Additional Documentation Requirements

  • Reconsideration or Disapproval of Protocols

    For research submissions voted for reconsideration or disapproval, the following information should be recorded in the minutes:

    • a summary of the primary reason(s) for such determination by the full-board IRB;
    • where applicable (i.e., wherein there was a vote for reconsideration or disapproval in the face of majority vote for approval), a summary of the unresolved controverted issues.
  • Regulatory Forms

    The research review coordinator will ensure that all criteria outlined on the regulatory forms are included in the meeting minutes.

Approval and Utilization of Minutes

Minutes of the IRB committee meeting will be reviewed and accepted by the IRB Vice Chair overseeing the meeting and/or, if present at the meeting, by the IRB Chair or another IRB Vice Chair. Following their acceptance by an IRB Vice Chair or IRB Chair, the minutes of the IRB committee meeting will be directly used to generate written notifications of IRB decisions regarding the approval status of the research submission for dissemination to the listed principal investigator.
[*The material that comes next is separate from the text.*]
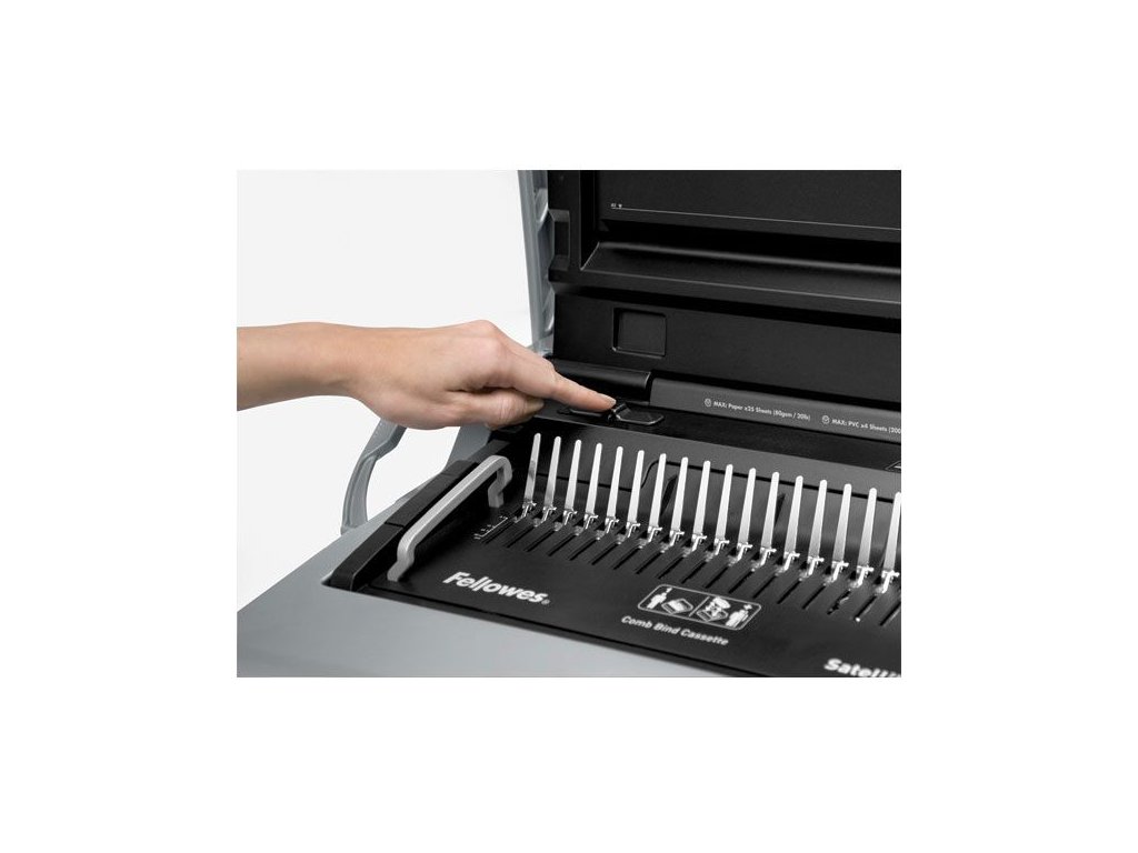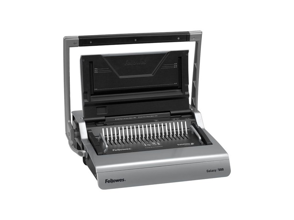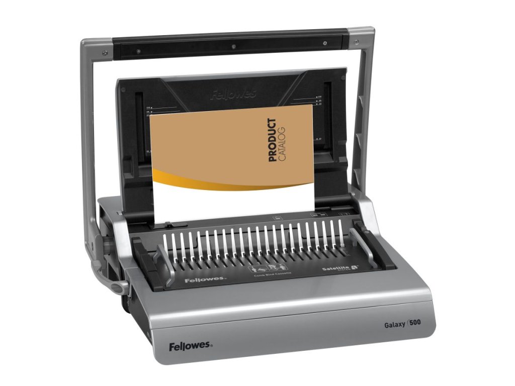 Jedinečné provedení robustního vázacího stroje s uživatelsky samostatně provozovatelnou vázací jednotkou nabízí model Fellowes Galaxy. Děrovací kapacita až 28 listů 80 g papíru. Kapacita vazby až 500 listů (do průměru hřbetu 50 mm). Možnost nastavení vzdálenosti děr od okraje svazku. Vyřaditelné perforační nože (pro formát A5).Velký odpadní šuplík s možností uložení plastový hřbetů. Integrovaná měrka pro správnou volbu průměru hřbetu. Na čelní straně stroje je průzor pro snadnou kontrolu zaplnění odpadního prostoru.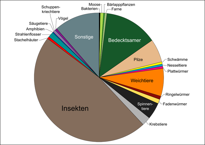 Kreisdiagramm zur rezenten Artenvielfalt (Pflanzen, Pilze und Tiere anhand von Klassen, Stämmen und Reichen)

The minutes of the IRB committee meeting will be included with the materials prepared for review at the next convened meeting of the IRB committee, and will be voted for approval at the convened meeting. The minutes will be modified as necessary to obtain approval of the IRB committee. If modifications to the minutes affect the approval status of a research study, the Principal Investigator will be notified.

The Institutional Official has access to all approved IRB minutes through the OSIRIS system, including a listing of research studies granted final approval by the IRB.